Maybe UserAgent.pm is attackers file? Where can I find more information like what type of malware is that, what does do, etc.?

I want to remove these files. So rm /usr/portage/distfiles/libwww-perl-6.05.tar.gz and then emerge -C dev-perl/libwww-perl-6.50.0 which belongs to UserAgent.pm and then emerge dev-perl/libwww-perl-6.50.0 back?

Thank you!

----------

## eccerr0r

There's a distinct possibility that there's a false positive here... then again everyone who has libwww-perl-6.05.tar.gz may have the problem... I haven't tested this yet however...

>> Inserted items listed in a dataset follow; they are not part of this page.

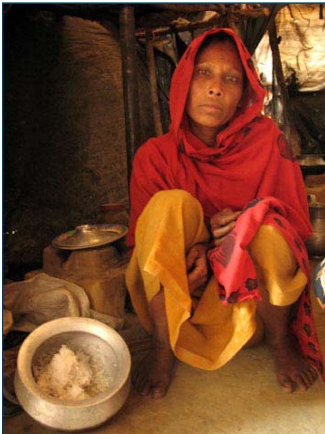
A 50-year-old refugee mother sitting beside a pot of rice that she got from begging – all the food her family of four will have for the entire day. Her husband was arrested by Bangladeshi police for stepping outside the makeshift camp at Kutupalong. She had not seen him in 15 days.

The PHR team encountered many children who met the clinical definition of kwashiorkor or severe protein malnutrition; however, due to security concerns and time constraints, diagnostic criteria such as edema were not systematically measured in all children.
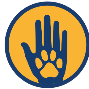
Volunteers and Team Members
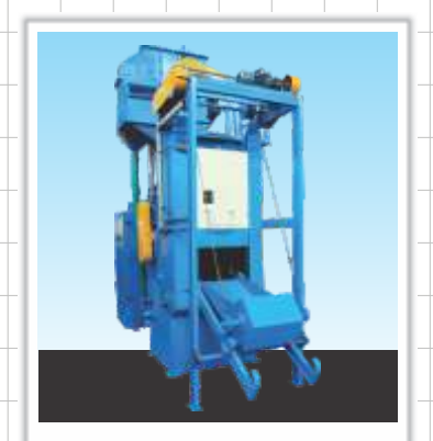
ATB - 20"x 27" with Loader
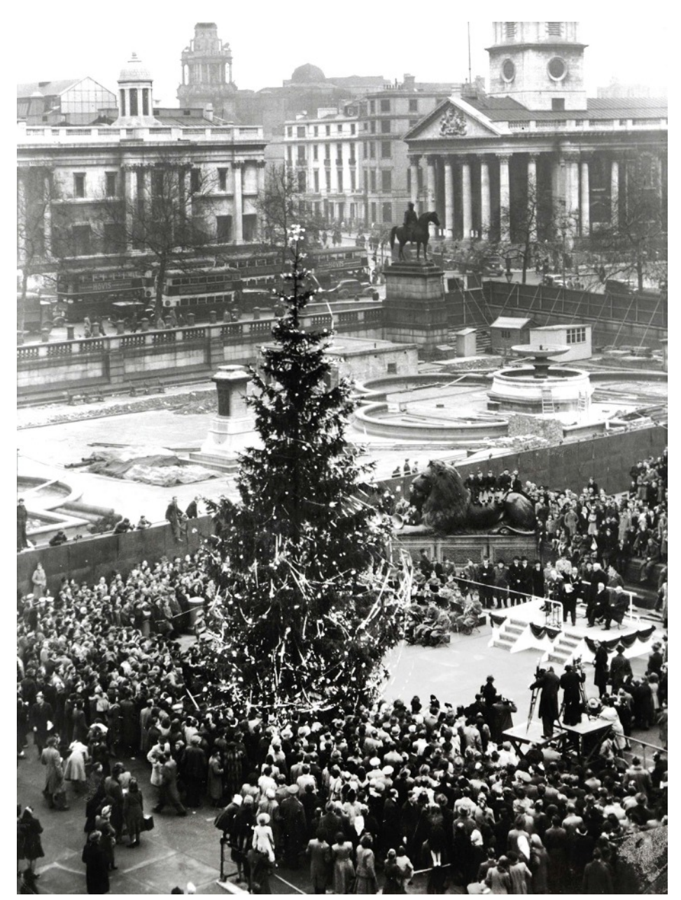
Photograph showing the first Christmas tree to be sent from the people of Oslo in Norway and displayed in Trafalgar Square in 1947. Now an annual tradition in recognition for the support given by the British to Norway during the Second World War
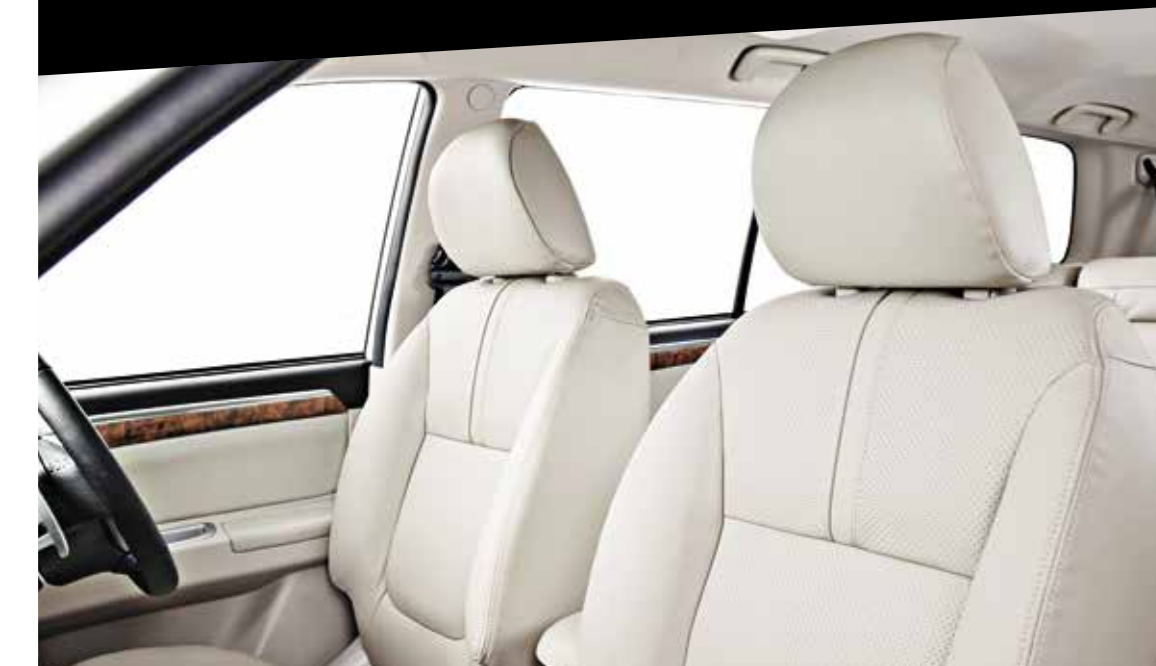
PLUSH LEATHER SEATS
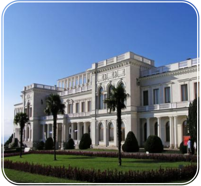
Livadia, Livadia Palace
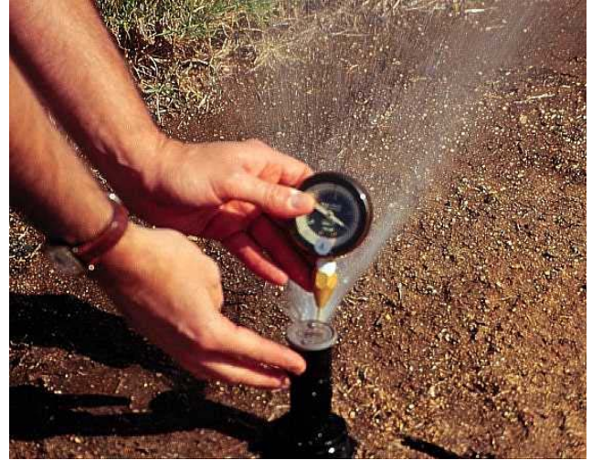
Figure 9. Testing sprinkler water pressure with a pitot tube and gauge.

problem causing reduced sprinkler coverage and uniformity.
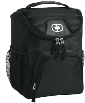
OGIO® - Chill 6-12 Can Cooler
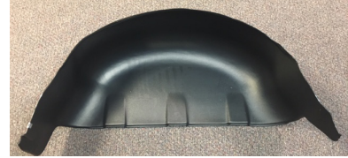
Wheel Well Guard Passenger's Side (1)

Supplied Hardware 8 - #10 SEM Screws 8 - U-Clips
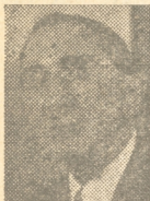
ISRAEL AMTER For Governor
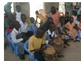
Local families singing and playing instruments
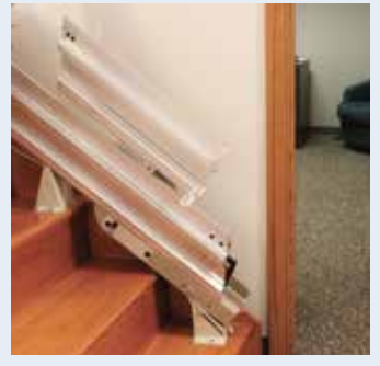
Power or manual folding rail for narrow hallway or when doorway is at the bottom of stairs. Manual operation or push button automatic.
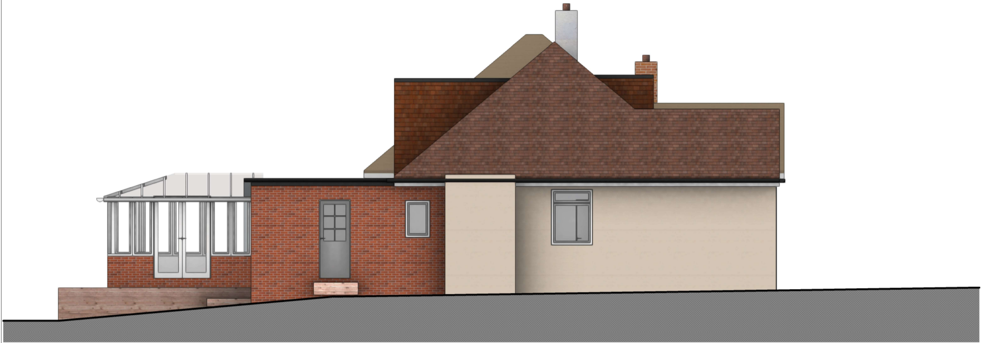
1 01 EXG ELEV SIDE Scale: 1:100
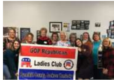
GOP Republican Ladies Club of Breathitt Co.
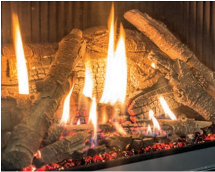
Ultra HD Log Set with Fluted Liner
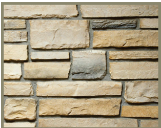
Aspen LedgeStone AS-1701
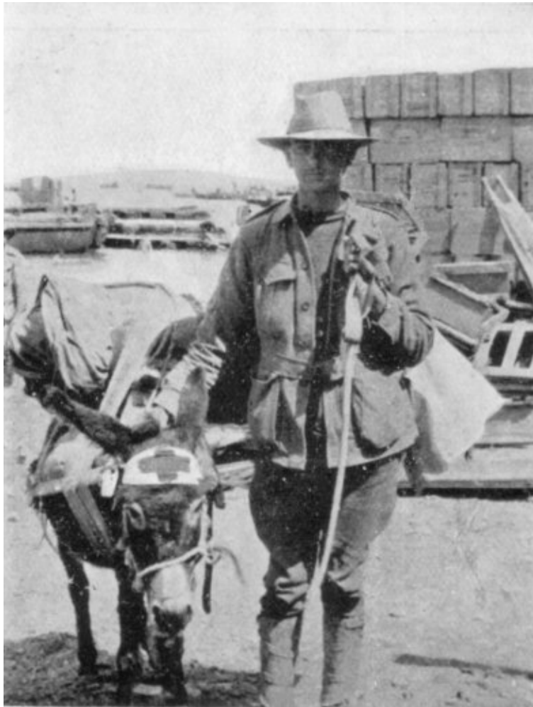
Simpson and his Donkey
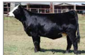
JSSC CAROLINA 631D DAUGHTER OWNED BY MCKINZIE TURNER
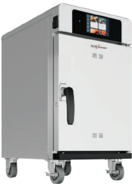
cheflinc enabled Also available with simple control.

MAXIMUM PAN CAPACITY 3 Full-Size Steam Table Pans, 4" or 5 Full-Size Steam Table Pans, 2-1/2"* on wire shelves or
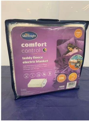
111. M - SILENTNIGHT COMFORT CONTROL TEDDY FLEECE ELECTRIC BLANKET SINGLE RRP £25.99 ( P24270109 / C )
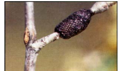
Figure 3. Forest tent caterpillar egg mass.

young caterpillars make a pad of silk where they rest and molt. Eastern tent caterpillars make a neat silken tent (fig. 4). Also, the eastern tent caterpillar feeds almost exclusively on cherry,
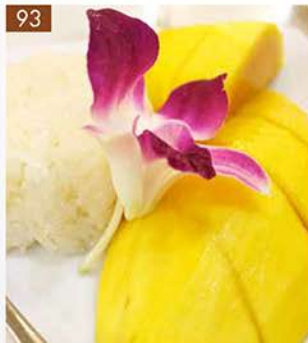
MANGO STICKY RICE with coconut milk ข้าวเหนียวมะม่วง

Theoretically if the checksum on the tar.gz file matches the Gentoo repo, then emerging it again will still test positive.  Try emerge -f libwww-perl and see if it downloads the same file again...

[EDIT]

I just freshclamed and scanned my copy of libwww-perl and there's no positive report on it...

----------

## seminiva

 *eccerr0r wrote:*   

> There's a distinct possibility that there's a false positive here... then again everyone who has libwww-perl-6.05.tar.gz may have the problem... I haven't tested this yet however...
> 
> Theoretically if the checksum on the tar.gz file matches the Gentoo repo, then emerging it again will still test positive.  Try emerge -f libwww-perl and see if it downloads the same file again...
> 
> [EDIT]
> ...

 

I also think this is a false positive. For example, on one of my sites, a report appeared in the hosting control panel that there are 11 files with possible problems. As a result, these turned out to be junk pages from the caching plugin, which for some reason were created so crookedly and were not deleted when the cache was rebuilt.

----------